2.  More flexible QA model.  Usually that means less QA, which has its
own pros and cons, but it /could/ actually mean more QA, or just
different QA.  Right now we have no way of communicating to users
(beyond masks) that packages vary in quality level, and overlays could
be a way to accomplish this.  You could also have a set of related
overlays that provide a dev/test/stable experience.

Cons include:
1.  No relationship to the tree.  If somebody messes with one of your
dependencies they will not take any care not to break your package.

2.  Non-mainstream experience.  Because Gentoo tends to be
overlay-averse, most users don't use them at all.

3.  No real organization.  Beyond an entry in the layman list there
really isn't any systematic tracking of overlays and their
quality/etc.  We don't "grade" overlays or anything like that.

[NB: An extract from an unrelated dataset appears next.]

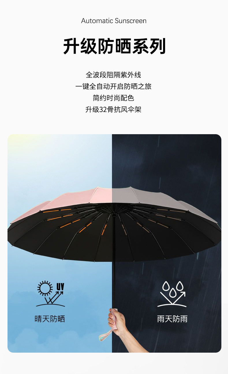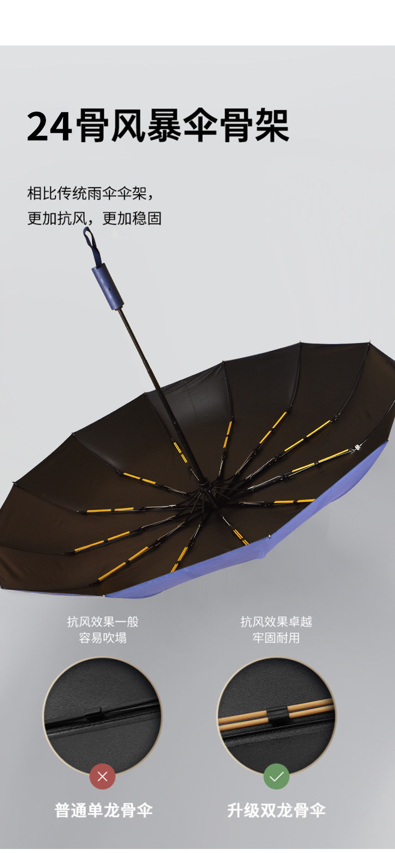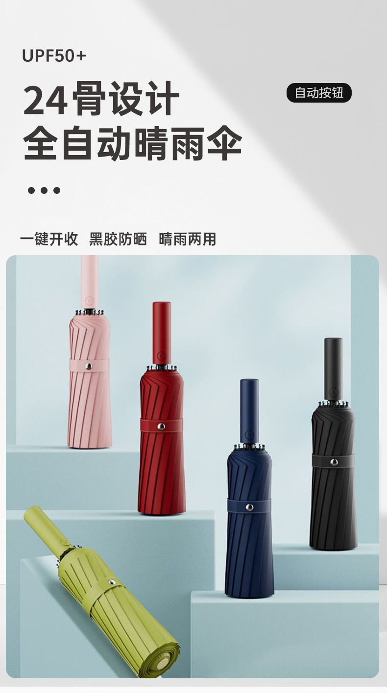 双龙骨自动晴雨伞24骨超硬雨伞批发防紫外线遮阳折叠雨伞便携

#1 is the biggest con I'd say.  It is made worse by the fact that we
don't have a main repository QA cycle (I'm not suggesting we have
one).  For something like Ubuntu anybody maintaining a 3rd party
repository can monitor the release cycle and test against the new
dependency versions before they are released and be ready on day one.
For Gentoo you would have to pay very close attention to bugzilla,
lists, irc, and perhaps even mail aliases (not open to the public) to
have any idea that some change is about to happen to one of your
dependencies if you aren't in the main tree.

A fix for #1 might be some way to allow external parties to register
interest in upcoming changes and get alerted.  Then those changing
libs could just trigger the alerts (and that system might also file
bugs against in-tree packages to request testing).  We obviously
wouldn't consider any outside overlays blockers, but we could be nicer
to them.  Of course, that takes work and I'm skeptical that this would
ever happen.

So, those are just my thoughts on overlays.  I don't think they're a
bad thing.  However, there are some things about Gentoo that make them
less practical than on other distros.  I won't argue that you get the
best possible experience if the package is in the tree AND IT IS
MAINTAINED.  The problem is that in a volunteer-based organization the
second half of that is hard to guarantee.